Дама неуверенно поднялась и схватилась рукой за его сиденье.
– Никто не знает.
– Никто не знает?
Поезд начал медленно замедлять ход.
– Однажды мой кузен исчез неведомо куда. Но у могилы, где было выбито его имя, появился свежий холмик земли и огромный венок с лентой…
Колеса заскрипели громко и пронзительно, заглушая слова старушки, которая уже помахала Шиллю на прощание и повернулась к выходу. Несколько секунд он не шевелился, словно оцепенев, а потом вскочил и помчался следом, расталкивая пассажиров.

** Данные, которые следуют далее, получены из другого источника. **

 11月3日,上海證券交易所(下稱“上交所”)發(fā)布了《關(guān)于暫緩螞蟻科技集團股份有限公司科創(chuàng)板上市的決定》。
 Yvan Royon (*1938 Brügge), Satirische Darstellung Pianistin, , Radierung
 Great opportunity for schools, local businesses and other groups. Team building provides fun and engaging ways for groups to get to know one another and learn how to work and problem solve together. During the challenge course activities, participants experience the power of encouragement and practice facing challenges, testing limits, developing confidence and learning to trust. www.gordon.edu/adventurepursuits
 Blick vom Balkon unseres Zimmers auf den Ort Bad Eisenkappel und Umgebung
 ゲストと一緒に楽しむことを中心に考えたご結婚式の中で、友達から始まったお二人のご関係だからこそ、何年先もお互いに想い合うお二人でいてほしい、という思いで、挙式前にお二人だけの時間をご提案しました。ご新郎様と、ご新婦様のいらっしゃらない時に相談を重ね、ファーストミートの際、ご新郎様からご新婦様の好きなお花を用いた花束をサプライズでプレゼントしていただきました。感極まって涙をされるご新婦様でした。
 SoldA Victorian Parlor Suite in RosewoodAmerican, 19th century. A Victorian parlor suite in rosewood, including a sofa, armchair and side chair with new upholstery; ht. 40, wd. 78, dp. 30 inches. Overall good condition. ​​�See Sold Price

– Подождите! – выкрикнул он, запыхаясь. – С лентой… Как вы сказали? Я не расслышал!
Она обернулась, приложив руку козырьком ко лбу, чтобы лучше видеть Шилля, и переспросила:
– С лентой?
– Да!
– Там было написано только: «На безмолвную память обо мне».
– И больше ничего?
– А что еще, молодой человек?
Рассказ старушки едва ли мог быть правдивым. Человек либо умирает и его хоронят, либо он не умирает и приходит возложить венок на могилу того, кто уже отошел в мир иной. Осуществимо только одно из двух. Впрочем, даже если бы кто-нибудь придумал хитрый трюк и выполнил его на собственных фальшивых похоронах, он не смог бы в это время быть мертвым.
А вдруг ему кто-то помогал? Еще какой-нибудь кузен из другой соседней деревни? Такой вариант не казался Шиллю невообразимым, однако представлялся до крайности банальным. «На безмолвную память обо мне?» «Ее кузен, должно быть, пришел на кладбище тайком, оставив на прощание эту ядовитую фразочку», – подумал Шилль, и ему живо представилось, будто он сам стоит перед своей псевдомогилой и бросает горстку черной земли на крышку деревянного гроба.

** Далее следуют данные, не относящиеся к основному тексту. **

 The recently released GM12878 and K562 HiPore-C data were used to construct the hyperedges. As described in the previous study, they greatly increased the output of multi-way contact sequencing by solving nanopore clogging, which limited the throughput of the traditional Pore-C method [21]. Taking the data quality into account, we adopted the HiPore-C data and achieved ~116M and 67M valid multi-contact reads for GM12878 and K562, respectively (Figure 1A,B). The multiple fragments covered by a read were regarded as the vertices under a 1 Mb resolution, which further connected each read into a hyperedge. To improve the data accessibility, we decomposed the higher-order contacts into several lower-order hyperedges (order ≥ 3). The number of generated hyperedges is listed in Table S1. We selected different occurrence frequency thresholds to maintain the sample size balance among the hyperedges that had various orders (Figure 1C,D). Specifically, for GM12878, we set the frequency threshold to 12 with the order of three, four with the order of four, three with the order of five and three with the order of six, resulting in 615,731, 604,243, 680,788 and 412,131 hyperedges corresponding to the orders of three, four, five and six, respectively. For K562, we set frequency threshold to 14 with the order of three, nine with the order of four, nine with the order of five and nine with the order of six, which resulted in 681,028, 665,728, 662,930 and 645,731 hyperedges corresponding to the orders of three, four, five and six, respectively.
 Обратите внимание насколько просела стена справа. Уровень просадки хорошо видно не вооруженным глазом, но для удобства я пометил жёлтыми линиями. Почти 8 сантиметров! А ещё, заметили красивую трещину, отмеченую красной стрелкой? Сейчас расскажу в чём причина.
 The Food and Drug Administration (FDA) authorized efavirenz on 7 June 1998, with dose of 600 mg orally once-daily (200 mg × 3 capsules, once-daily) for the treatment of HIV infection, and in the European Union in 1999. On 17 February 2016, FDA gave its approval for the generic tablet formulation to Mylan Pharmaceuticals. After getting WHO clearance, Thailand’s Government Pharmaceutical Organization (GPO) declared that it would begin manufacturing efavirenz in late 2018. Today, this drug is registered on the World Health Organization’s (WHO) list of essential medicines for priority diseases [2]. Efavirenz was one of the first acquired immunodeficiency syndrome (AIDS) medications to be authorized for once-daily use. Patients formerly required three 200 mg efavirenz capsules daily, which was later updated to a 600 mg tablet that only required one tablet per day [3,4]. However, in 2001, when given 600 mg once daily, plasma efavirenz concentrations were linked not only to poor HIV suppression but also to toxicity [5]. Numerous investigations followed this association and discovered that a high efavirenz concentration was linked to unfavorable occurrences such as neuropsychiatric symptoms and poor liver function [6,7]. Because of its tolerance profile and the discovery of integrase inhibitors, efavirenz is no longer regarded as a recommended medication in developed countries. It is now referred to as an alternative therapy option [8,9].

Поезд покатился дальше. Онемевший и потрясенный, Шилль уставился в окно. Он сидел спиной к направлению движения, а мир со множеством полей, деревьев и домов в безумной спешке убегал от него. «Самое увлекательное в дуэли, – вдруг понял Шилль, – самое увлекательное заключается в том, что после нее все будет кончено». Если умрет он, будет очень грустно, но уже не ему, поскольку по причине своей смерти он будет исключен из числа живых. Если умрет Марков, это будет вполне сносно и, главное, простительно. Да, только смерть Маркова позволит Шиллю забыть его; только смерть от пули Шилля станет достойным завершением жизни этого ничтожества Маркова.
В целом вопросы, касающиеся поединка, были улажены, что вызывало у Шилля ощущение приятной ясности.

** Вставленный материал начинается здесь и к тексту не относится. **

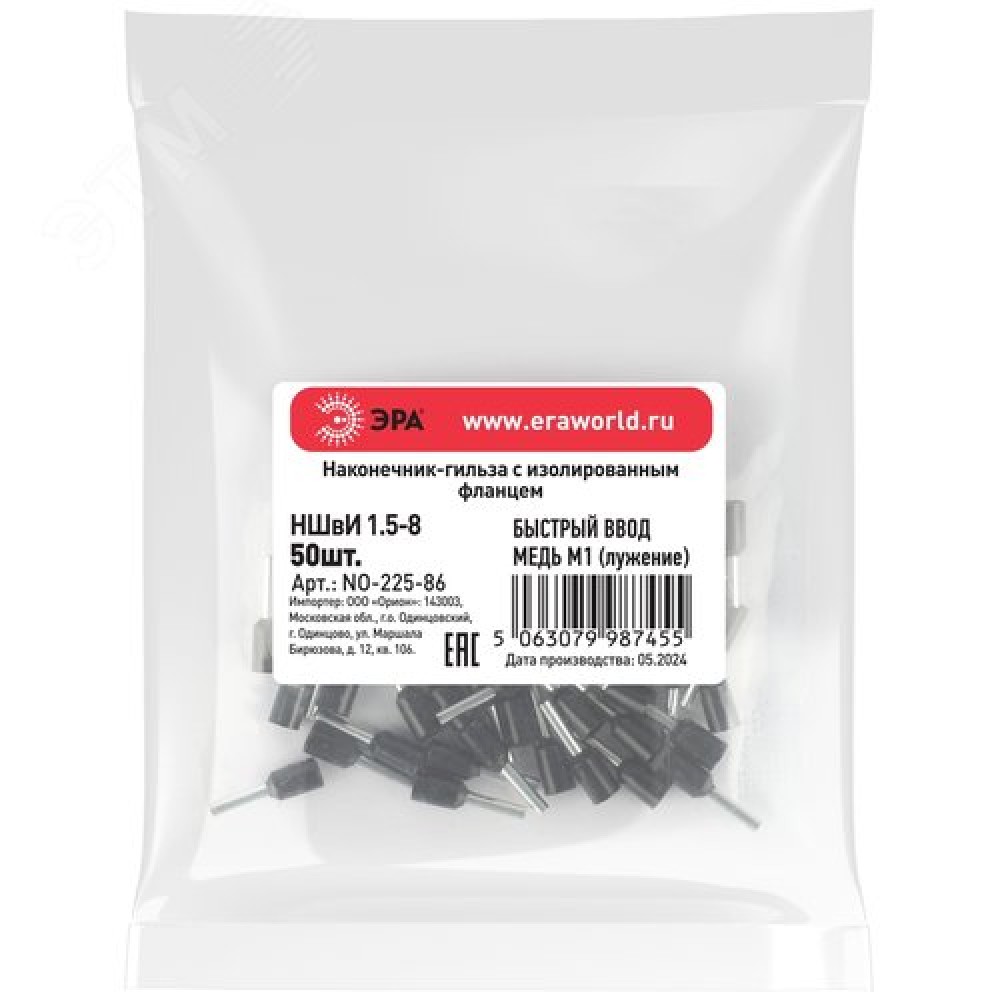 Технические характеристики Наконечник-гильза с изолированным фланцем (упаковка 50 шт.) NO-225-86 НШвИ 1,5-8
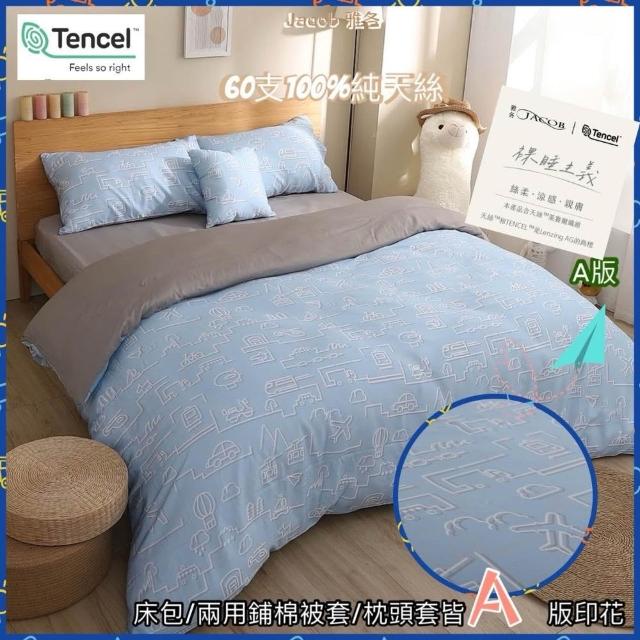 Jacob 雅各60支100%純 天絲 床包組 可加購 鋪棉兩用 被套 蘭精聯名認證吊牌 台灣製造 天絲床包組 單人床包 雙人床包 加
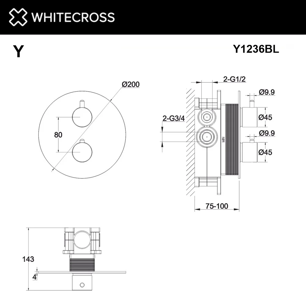 Смеситель для душа WHITECROSS Y Y1236BL термостатический скрытого монтажа черный мат
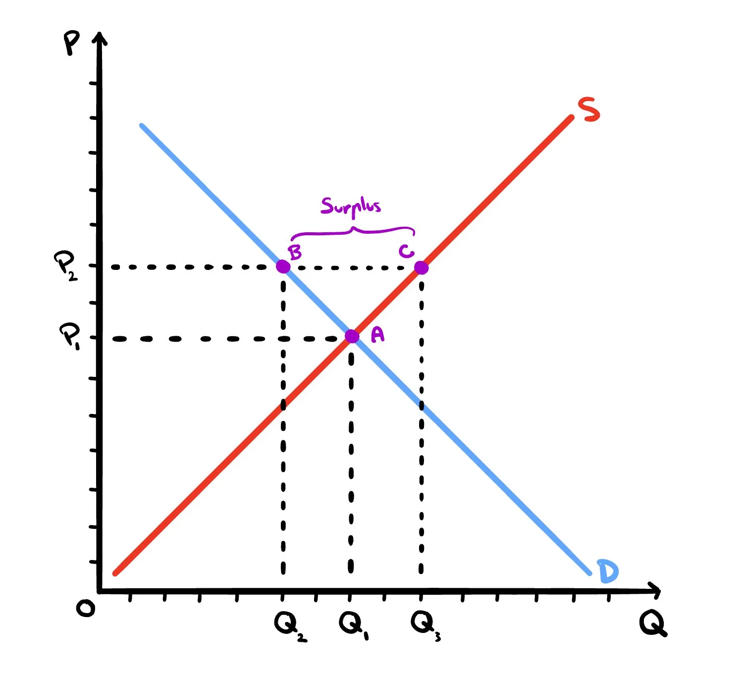 The graph above illustrates a market surplus, which occurs when the price is set above equilibrium. At price P2, suppliers are willing to produce and sell quantity Q3, while consumers are only willing to purchase quantity Q2, leaving the gap between these two quantities—marked by points C and B—as unsold goods. This mismatch reflects the surplus: too much is being supplied and not enough is being demanded. Surpluses typically emerge when prices are kept artificially high, such as through minimum price policies or overestimation of consumer demand. Since unsold goods build up and sellers are unable to clear the market, competitive pressure usually drives the price downward. This self-correcting mechanism gradually brings the market back to equilibrium at point A, where supply and demand meet at price P1 and quantity Q1.
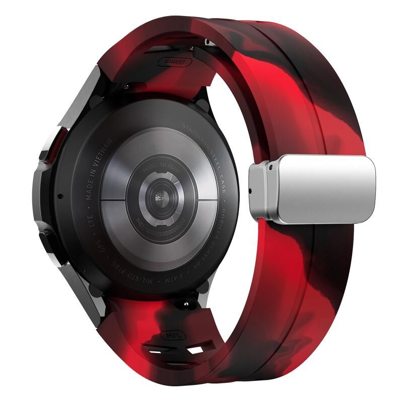 Για Samsung Galaxy Watch 4 Classic 42 / 46mm Richard μαγνητική πτυσσόμενη ασημένια πόρπη σιλικόνης (μαύρο κόκκινο καμουφλάζ)

Предоставление оружия ему гарантировали, секунданту него есть, Маркова он вызвал на дуэль депешей и от полицейских узнал, что оппонент паникует. Чего у него не было, так это плана или идеи, как заставить Маркова явиться на встречу, а время поджимало: согласно старинным кодексам, от момента нанесения оскорбления до выхода на поединок должно пройти не более двадцати четырех, иногда сорока восьми часов, хотя, и Шиллю это было известно, бывали исключения и особые случаи.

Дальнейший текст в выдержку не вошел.